**Dataset content**.

---

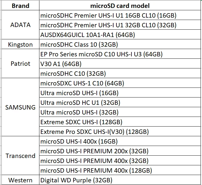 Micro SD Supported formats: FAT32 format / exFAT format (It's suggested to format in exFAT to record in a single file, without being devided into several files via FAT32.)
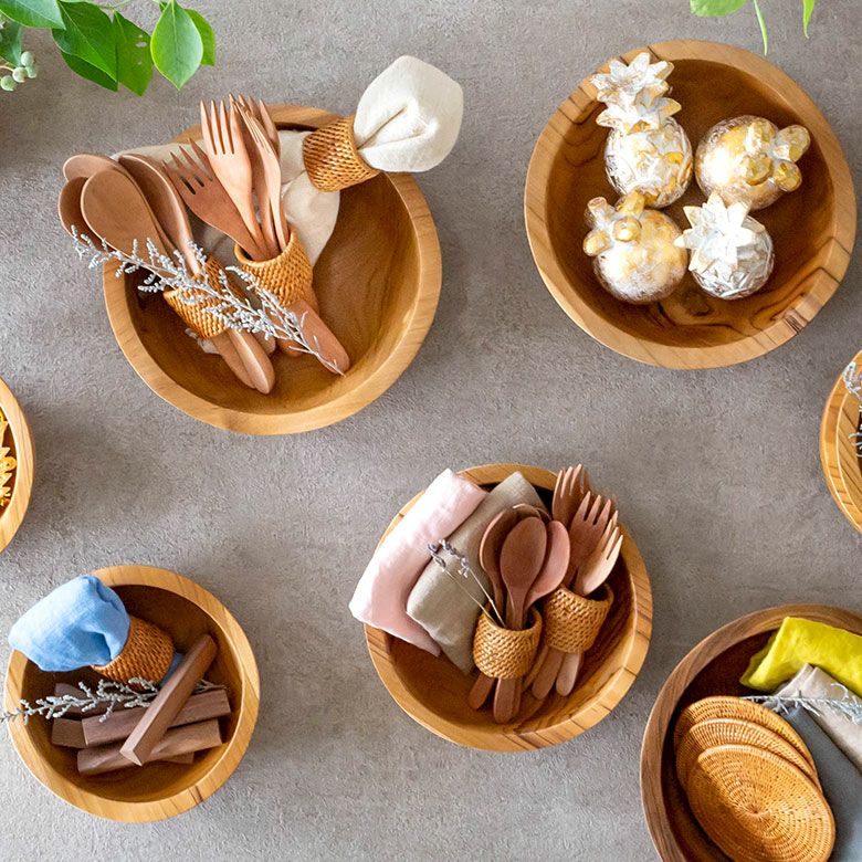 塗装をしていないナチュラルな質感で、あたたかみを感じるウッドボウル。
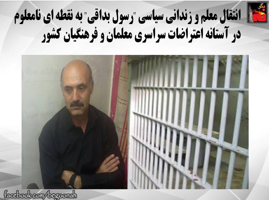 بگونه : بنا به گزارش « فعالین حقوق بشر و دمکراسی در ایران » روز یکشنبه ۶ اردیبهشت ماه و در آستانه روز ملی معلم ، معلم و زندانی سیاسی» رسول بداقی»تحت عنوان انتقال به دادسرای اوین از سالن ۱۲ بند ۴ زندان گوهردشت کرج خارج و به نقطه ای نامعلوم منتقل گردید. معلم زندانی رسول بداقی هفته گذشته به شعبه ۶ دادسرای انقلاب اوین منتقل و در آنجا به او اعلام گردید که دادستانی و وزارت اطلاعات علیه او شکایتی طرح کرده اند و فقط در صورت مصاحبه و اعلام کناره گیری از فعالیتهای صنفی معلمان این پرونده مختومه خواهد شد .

---

**Assignment**. What is needed is an exact copy of the lines from the start of the listing above through the line that holds "塗装をしていないナチュラルな質感で、あたたかみを感じるウッドボウル。", with the pictures left out.

**Output for this task**.
 Micro SD Supported formats: FAT32 format / exFAT format (It's suggested to format in exFAT to record in a single file, without being devided into several files via FAT32.)
 塗装をしていないナチュラルな質感で、あたたかみを感じるウッドボウル。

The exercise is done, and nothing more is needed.